- _Source data_:
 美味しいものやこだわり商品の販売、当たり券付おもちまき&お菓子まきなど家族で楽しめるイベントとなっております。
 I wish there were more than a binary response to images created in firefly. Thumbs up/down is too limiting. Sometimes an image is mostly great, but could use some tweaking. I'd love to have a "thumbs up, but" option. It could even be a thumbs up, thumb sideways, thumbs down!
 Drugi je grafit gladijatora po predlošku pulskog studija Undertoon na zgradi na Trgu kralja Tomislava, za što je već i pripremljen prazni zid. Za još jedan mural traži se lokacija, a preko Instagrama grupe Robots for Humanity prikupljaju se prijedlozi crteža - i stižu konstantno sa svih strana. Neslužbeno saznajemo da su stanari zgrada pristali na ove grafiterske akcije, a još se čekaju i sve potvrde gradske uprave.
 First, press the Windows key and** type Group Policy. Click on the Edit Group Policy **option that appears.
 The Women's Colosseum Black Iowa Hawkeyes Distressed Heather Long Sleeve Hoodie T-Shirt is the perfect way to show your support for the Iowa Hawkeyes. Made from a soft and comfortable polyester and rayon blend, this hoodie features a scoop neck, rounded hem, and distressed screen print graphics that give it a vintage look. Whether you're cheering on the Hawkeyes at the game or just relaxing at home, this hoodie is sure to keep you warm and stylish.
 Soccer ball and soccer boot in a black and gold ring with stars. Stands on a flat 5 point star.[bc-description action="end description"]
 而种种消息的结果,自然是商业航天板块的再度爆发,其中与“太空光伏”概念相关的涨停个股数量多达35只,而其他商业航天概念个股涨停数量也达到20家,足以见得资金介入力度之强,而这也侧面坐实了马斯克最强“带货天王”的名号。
* * *
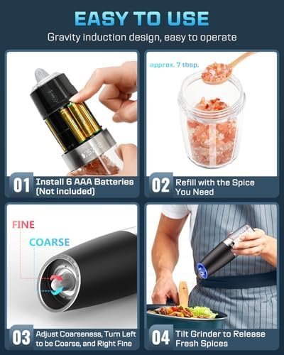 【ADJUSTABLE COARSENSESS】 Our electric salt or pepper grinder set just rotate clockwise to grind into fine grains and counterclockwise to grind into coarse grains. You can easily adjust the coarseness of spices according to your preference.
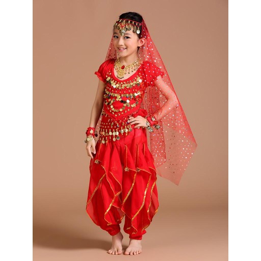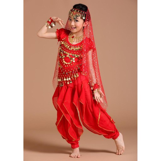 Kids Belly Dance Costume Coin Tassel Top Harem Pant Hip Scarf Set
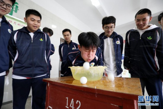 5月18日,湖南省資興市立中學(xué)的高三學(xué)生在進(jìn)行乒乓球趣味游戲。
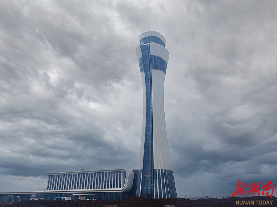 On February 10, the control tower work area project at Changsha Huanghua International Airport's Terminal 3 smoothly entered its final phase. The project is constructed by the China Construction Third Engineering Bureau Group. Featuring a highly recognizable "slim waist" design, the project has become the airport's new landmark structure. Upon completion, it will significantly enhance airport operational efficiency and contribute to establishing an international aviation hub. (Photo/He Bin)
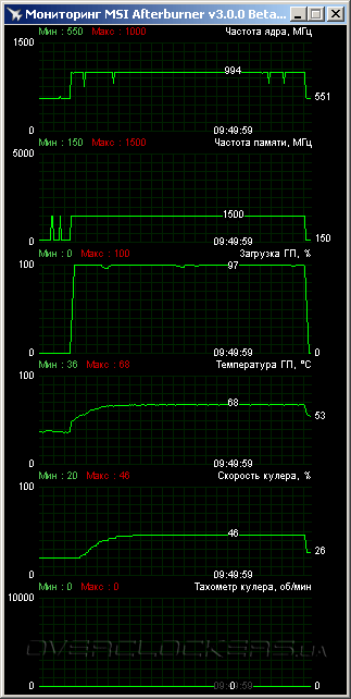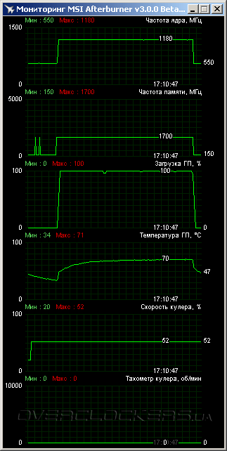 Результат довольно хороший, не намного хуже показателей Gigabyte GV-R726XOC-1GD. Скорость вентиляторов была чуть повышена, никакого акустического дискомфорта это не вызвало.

- _Task prompt_:
Output should consist of the lines above from the one with "Kids Belly Dance" down to the one with "Результат довольно хороший, не", exact and without pictures.

- _Answer box_:
 Kids Belly Dance Costume Coin Tassel Top Harem Pant Hip Scarf Set
 5月18日,湖南省資興市立中學(xué)的高三學(xué)生在進(jìn)行乒乓球趣味游戲。
 On February 10, the control tower work area project at Changsha Huanghua International Airport's Terminal 3 smoothly entered its final phase. The project is constructed by the China Construction Third Engineering Bureau Group. Featuring a highly recognizable "slim waist" design, the project has become the airport's new landmark structure. Upon completion, it will significantly enhance airport operational efficiency and contribute to establishing an international aviation hub. (Photo/He Bin)
 Результат довольно хороший, не намного хуже показателей Gigabyte GV-R726XOC-1GD. Скорость вентиляторов была чуть повышена, никакого акустического дискомфорта это не вызвало.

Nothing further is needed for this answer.